A recruiter tells you that you’re moving on to the interview stage for a job you’ve pursued for months. Your heart leaps. All the networking, market research and resume fine-tuning is finally paying off.

You refresh your stories and continue to brush up on your company research. The interviews seem to go well, and you eagerly await the next steps.

But then you learn the team is “going with an internal candidate.” Your shoulders sag. How can you possibly compete?

The internal candidate is a threat often overlooked by many job seekers. This kind of contender offers significant benefits for a company: they are faster to onboard, come with a vetted reputation and often have sponsorship for the position. And when a leadership team can give evidence of promotion from within, it creates dividends for morale.

But as a strategic external candidate, following some key steps can turn the tide in your favor.

1. Understand your competition. Ask the hiring manager and/or a trusted networking partner inside the target firm if the role is open to internal candidates. Know that the internal promotion or lateral move candidate may be evaluated on their potential, whereas you must provide proof that you already have the skills to succeed. Your proof statements need to be compelling and differentiate you as truly ready for the role.

In parallel, study the job description and seek to understand the greater need of the firm — is it continuity or renewal/reinvention? The key is to read what the organization truly needs next and align your story accordingly.

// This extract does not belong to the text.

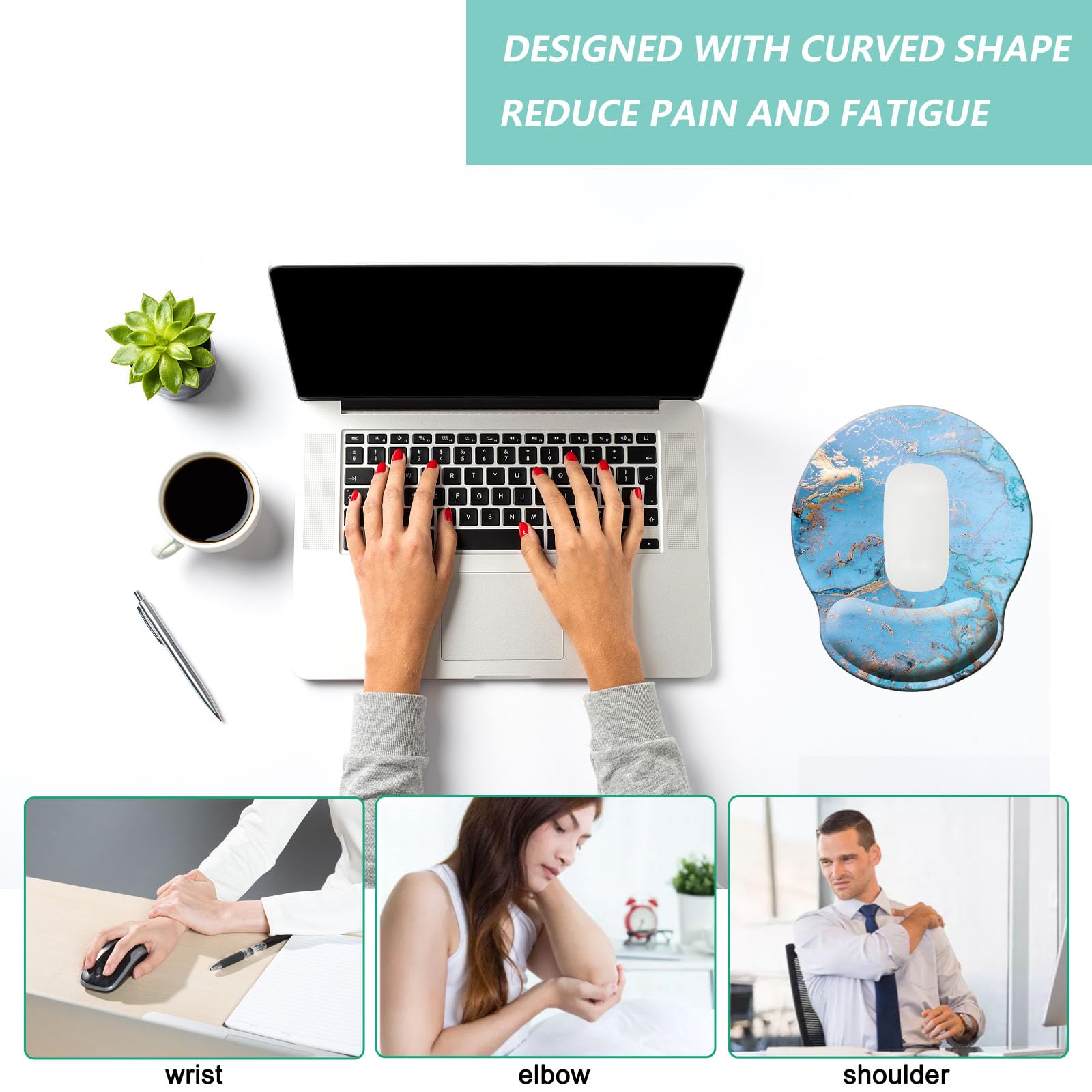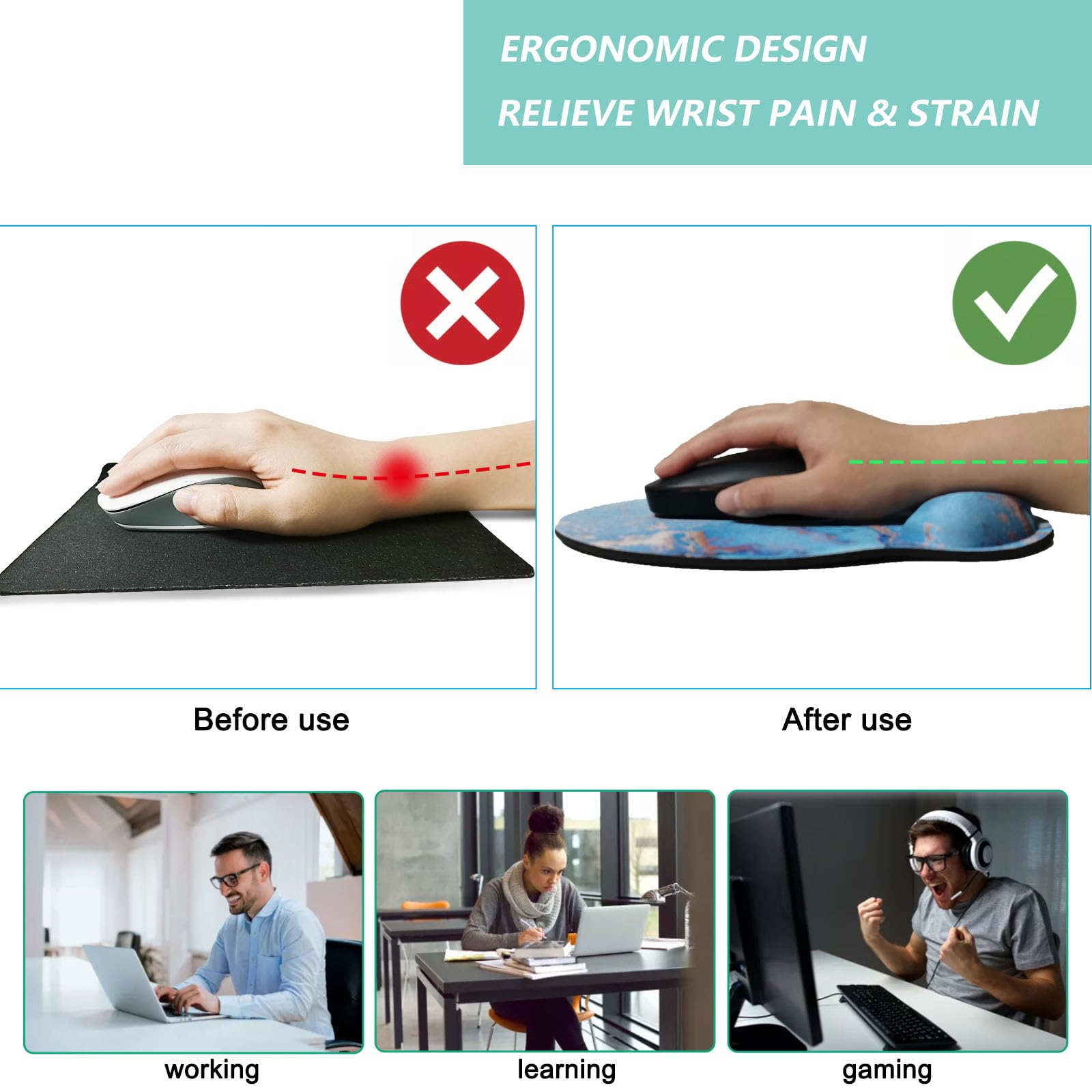 PROTECTION - Protect your wrist, shoulder by using our mousepad with wrist support. It can reduce fatigue, relieve pressure on your hand, wrist, elbow and shoulder, avoid carpel tunnel syndrome, and avoid excessive friction between wrist and desk.

2. Be clear — and memorable — about your value proposition. Spend time reviewing the facts of your skills and experiences and how they match up to the needs of the role. Identify the three you find most compelling and turn them into clear and memorable soundbites repeated in each of your interviews. Note any skills that will upgrade the role.

Interviewers are context-switching between candidates, meetings and deadlines. Your goal is not just to answer the questions, but to help the interviewer remember you so that they can advocate for you with others in the hiring panel. For more advice on interview preparation, check out these four essential tips.

3. Begin your onboarding in the interview. Show that you already have the mindset of being in the role by creating a 30-60-90 day plan and highlighting it in your interview. This extra preparation takes you beyond articulating that you have the necessary skills and imagines you already in the role. It helps you speak the language of what matters most to your target company. A specific plan will address how you’ll take initiative to get up-to-speed quickly and where you see opportunity for measurable results. Demonstrating that you’ve thought clearly about how to build credibility and quick momentum in the role can help counter the seeming ease of going with an internal candidate.

4. Speak positively. Do proactively acknowledge that the company likely has great talent internally positioned to take on the role, but that considering an outside perspective can advantage the firm. Your broader perspective — an external view — can have a positive effect by challenging ingrained patterns and dynamics. It can bring new ways of problem solving and decision making. It’s contingent on you to highlight how you’ll translate successful practices from prior contexts to this new role. Remember, organizations that intentionally balance insider continuity with outside perspective tend to innovate faster and avoid blind spots.

5. Adopt a mindset of strength. External candidates often have:

  • Deeper and/or broader skills developed on different playing fields that allow for new ways of working on a company’s seemingly intractable problems.
  • Exposure to different problems, systems and solutions from other environments — perhaps even from competitors — and the ability to apply fresh best practices.
  • Key contacts in their network that tap market expertise the firm doesn’t currently have.
  • Lack of bias or history in how things have been done, providing the freedom to explore new ways to get things done.

You can’t control who else is in the running, but you can control how well you present your unique value. Stay curious, be prepared, be memorable and prove that the best choice for the company’s future is the new perspective you bring.